-- EXERCISE DATA --
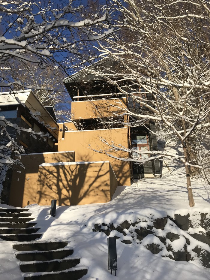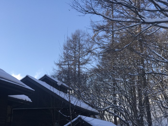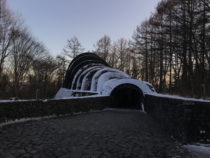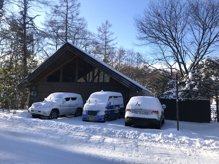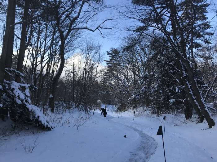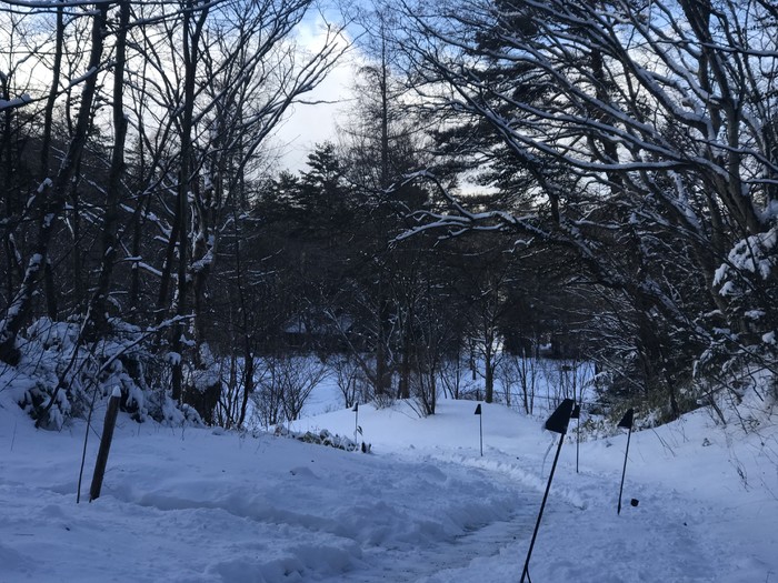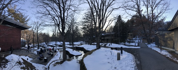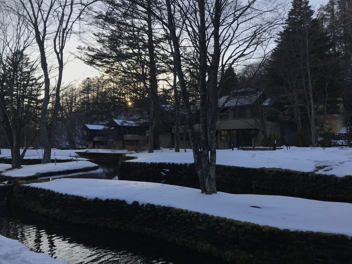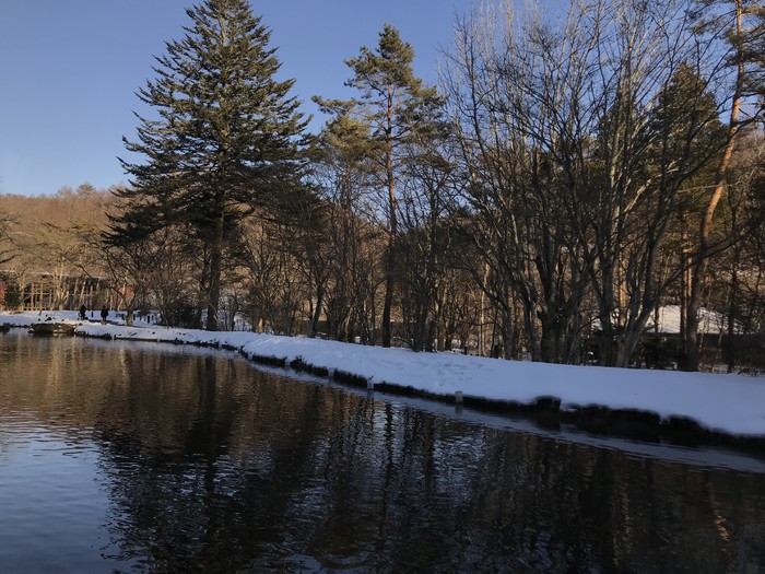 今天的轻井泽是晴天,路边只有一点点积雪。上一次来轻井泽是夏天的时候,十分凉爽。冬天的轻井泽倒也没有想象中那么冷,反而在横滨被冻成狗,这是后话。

...

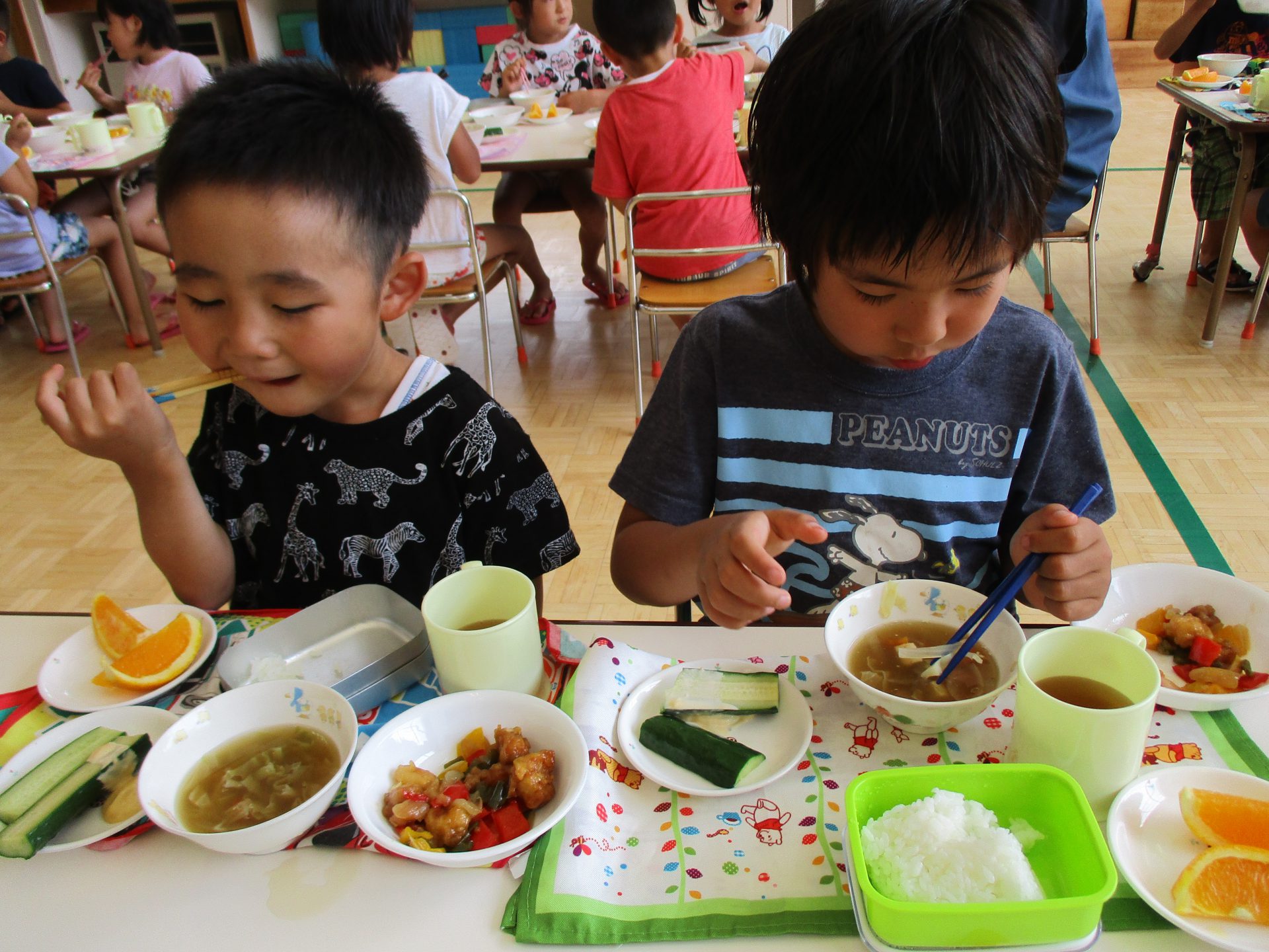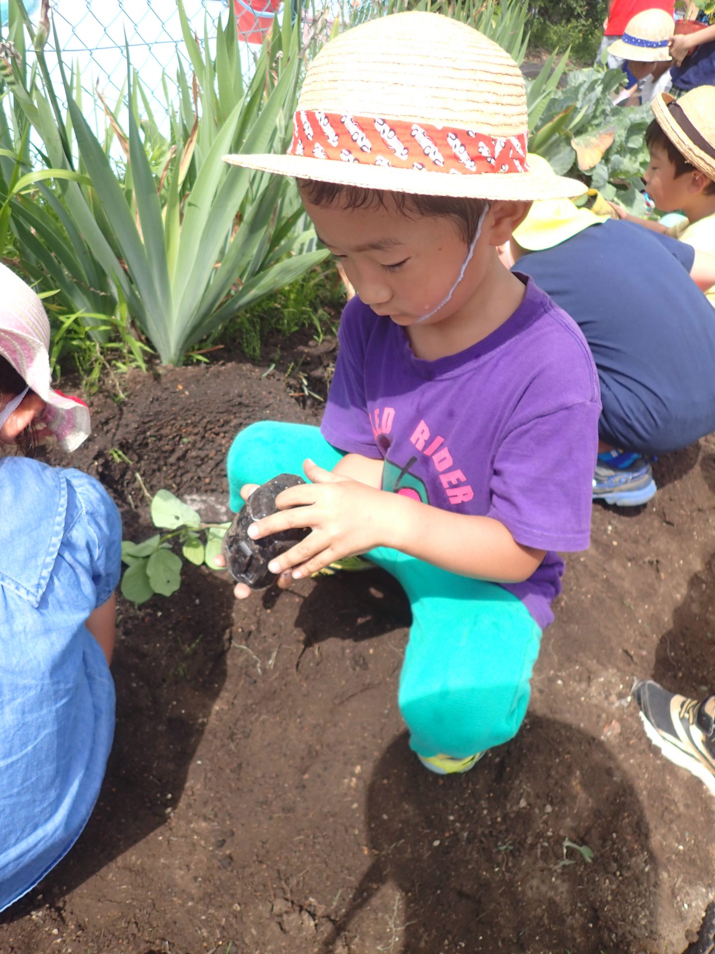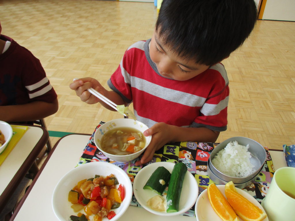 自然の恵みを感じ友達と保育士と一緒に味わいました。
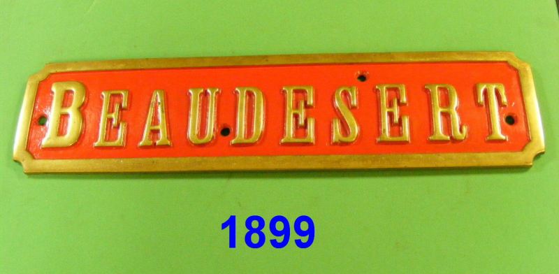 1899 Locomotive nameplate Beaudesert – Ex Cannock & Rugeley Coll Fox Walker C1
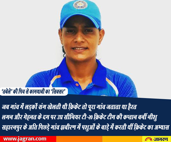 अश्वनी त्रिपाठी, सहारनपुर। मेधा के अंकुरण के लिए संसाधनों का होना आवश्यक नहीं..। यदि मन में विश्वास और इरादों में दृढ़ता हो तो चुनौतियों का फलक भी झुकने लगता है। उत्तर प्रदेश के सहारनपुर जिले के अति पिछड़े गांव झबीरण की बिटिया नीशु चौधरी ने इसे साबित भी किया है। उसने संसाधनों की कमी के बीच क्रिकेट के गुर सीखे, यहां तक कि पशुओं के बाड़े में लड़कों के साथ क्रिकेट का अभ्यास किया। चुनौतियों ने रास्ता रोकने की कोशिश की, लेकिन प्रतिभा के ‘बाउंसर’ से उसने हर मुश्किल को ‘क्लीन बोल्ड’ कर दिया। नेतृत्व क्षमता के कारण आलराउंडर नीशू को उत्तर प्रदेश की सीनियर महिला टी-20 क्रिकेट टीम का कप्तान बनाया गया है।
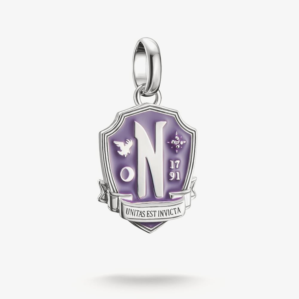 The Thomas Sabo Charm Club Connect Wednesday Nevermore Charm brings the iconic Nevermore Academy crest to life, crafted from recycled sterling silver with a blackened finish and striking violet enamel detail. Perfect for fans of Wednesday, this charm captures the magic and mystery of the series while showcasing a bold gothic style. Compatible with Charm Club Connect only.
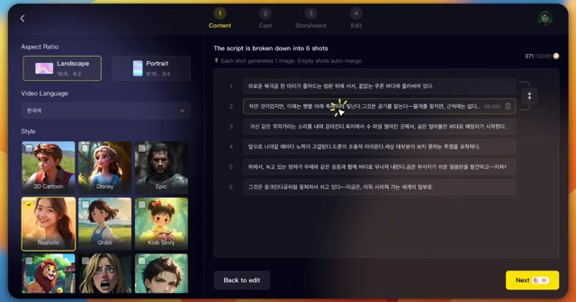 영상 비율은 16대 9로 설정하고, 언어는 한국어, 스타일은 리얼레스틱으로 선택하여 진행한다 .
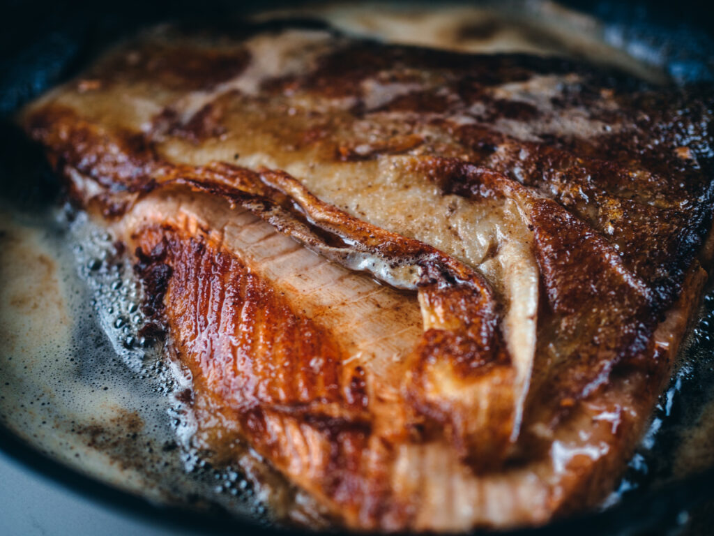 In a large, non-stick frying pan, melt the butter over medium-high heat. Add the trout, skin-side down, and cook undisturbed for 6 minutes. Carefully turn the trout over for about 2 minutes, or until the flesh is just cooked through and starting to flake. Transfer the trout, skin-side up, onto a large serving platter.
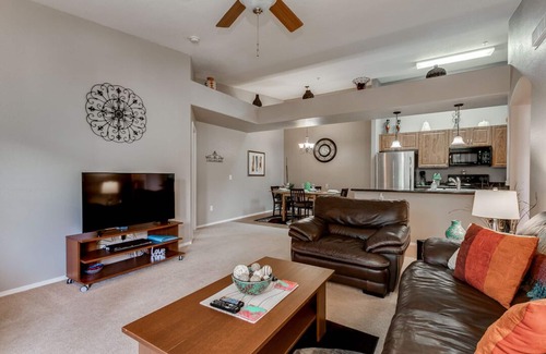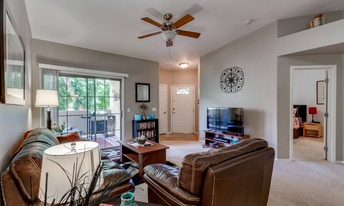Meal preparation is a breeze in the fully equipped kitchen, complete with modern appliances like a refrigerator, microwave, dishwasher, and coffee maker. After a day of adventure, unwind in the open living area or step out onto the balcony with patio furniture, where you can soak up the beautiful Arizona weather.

-- WHAT YOU HAVE TO DO --
Make an exact copy of the lines above, beginning with the line with "In a large, non-stick" and ending with the line with "Meal preparation is", and keep the pictures out of it.

-- ANSWER FOR THE TASK --
 In a large, non-stick frying pan, melt the butter over medium-high heat. Add the trout, skin-side down, and cook undisturbed for 6 minutes. Carefully turn the trout over for about 2 minutes, or until the flesh is just cooked through and starting to flake. Transfer the trout, skin-side up, onto a large serving platter.
Meal preparation is a breeze in the fully equipped kitchen, complete with modern appliances like a refrigerator, microwave, dishwasher, and coffee maker. After a day of adventure, unwind in the open living area or step out onto the balcony with patio furniture, where you can soak up the beautiful Arizona weather.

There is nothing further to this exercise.